Supported by grants from the National Institutes of Health, David conducted extensive research on immune disorders of the kidneys, and he has authored over 200 scientific publications, reviews and book chapters. His work has focused on mechanisms of immune deposition and the role of complement in diseases of the kidney glomerulus, and on the structural biology of the podocyte. He was one of the earliest proponents of the notion that podocyte injury forms the basis of most, if not all, proteinuric kidney diseases. In a landmark New England Journal of Medicine paper in 2009, David and his colleagues described their discovery that a high proportion of patients with membranous nephropathy have circulating autoantibodies to the M-type phospholipase A2 receptor on human podocytes. This discovery was awarded international patents and was licensed by EuroImmun, a German company that has marketed an FDA approved diagnostic immunoassay for membranous nephropathy with world-wide distribution and sales. In collaboration with his colleague, Dr. Weining Lu, David has also been engaged in a cooperative program with Pfizer CTI that developed a potential therapeutic agent for proteinuric kidney diseases currently undergoing a phase II clinical trial.

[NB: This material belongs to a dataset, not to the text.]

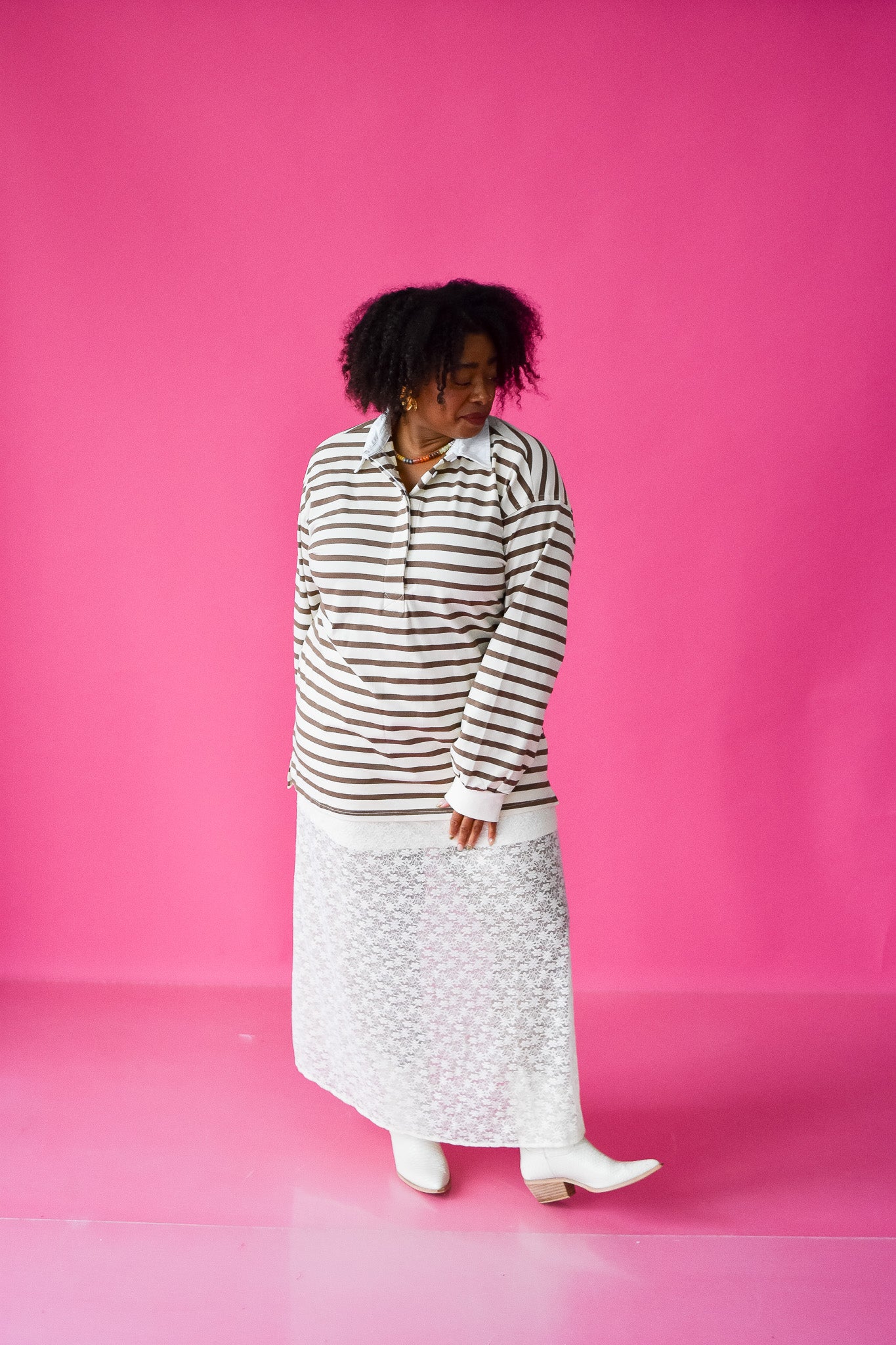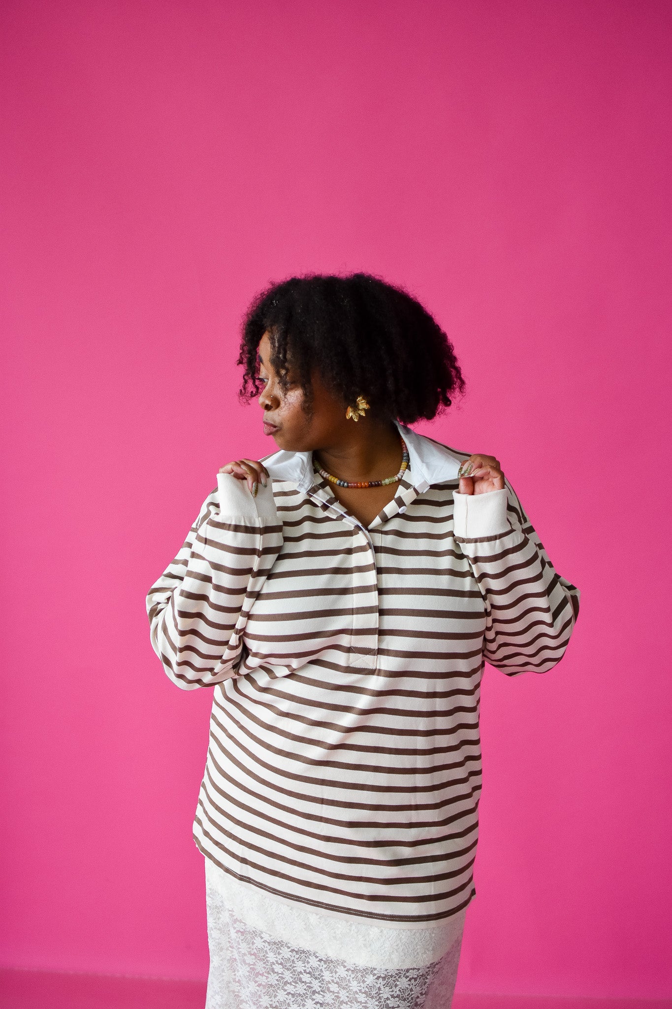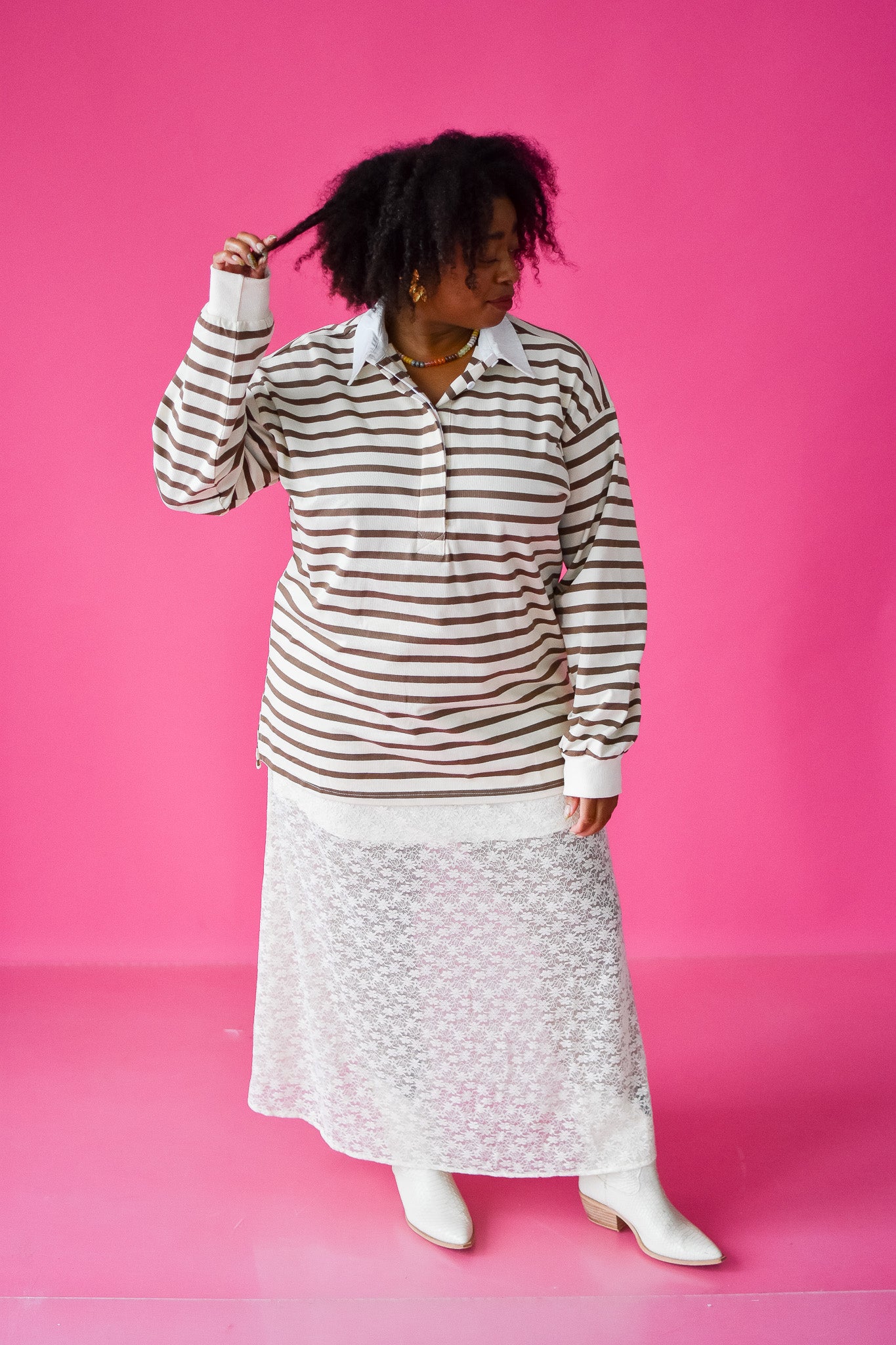 Get cozy in the Mira Oversized Rugby Top, where creamy whites meet rich browns for a laid-back, stylish vibe. Its longer length and roomy fit make it perfect for layering or lounging, while the classic collar adds a touch of sporty charm. Ready to add comfy coolness to your wardrobe? This top has your back.

Dr. Salant has received several awards and honors, including an Established Investigator Award from the American Heart Association, the Jean Hamburger Award from the International Society of Nephrology, the John P. Peters Award from the American Society of Nephrology, the Donald W. Seldin Award from the National Kidney Foundation, the Marilyn Farquhar Award at the 11th Annual Podocyte Conference and the Edward N. Gibbs Award from the New York Academy of Sciences. In 2015, he was the Boston University Innovator of the Year and he was elected as a Fellow of the American Association for the Advancement of Science. He has served on several NIH advisory panels and on the editorial boards of several major journals.
Andrew Senesi
Associate in Global Innovation, TechAtlas division, RA Capital Management.
Andrew Senesi is a Principal with Tencent Exploration team, a corporate venture arm of tech giant Tencent, that seeks to tackle problems of global scale focusing on healthcare, sustainability, and breakthrough technologies. As biotech increasingly becomes an information science, Andrew’s interests have broadly expanded to include both biotech and tech, with an emphasis on platform and product led companies. Since joining the team in 2021, Andrew has led multiple investments in biotech companies across therapeutics, diagnostics, and tools. The Tencent Exploration Team portfolio can be found on their website, https://tenx.tc/. Andrew began his career at RA Capital after spending a decade in academia, where he received his PhD in chemistry and bionanomaterials at Northwestern University and worked as a postdoc at Argonne National Lab and University of Chicago.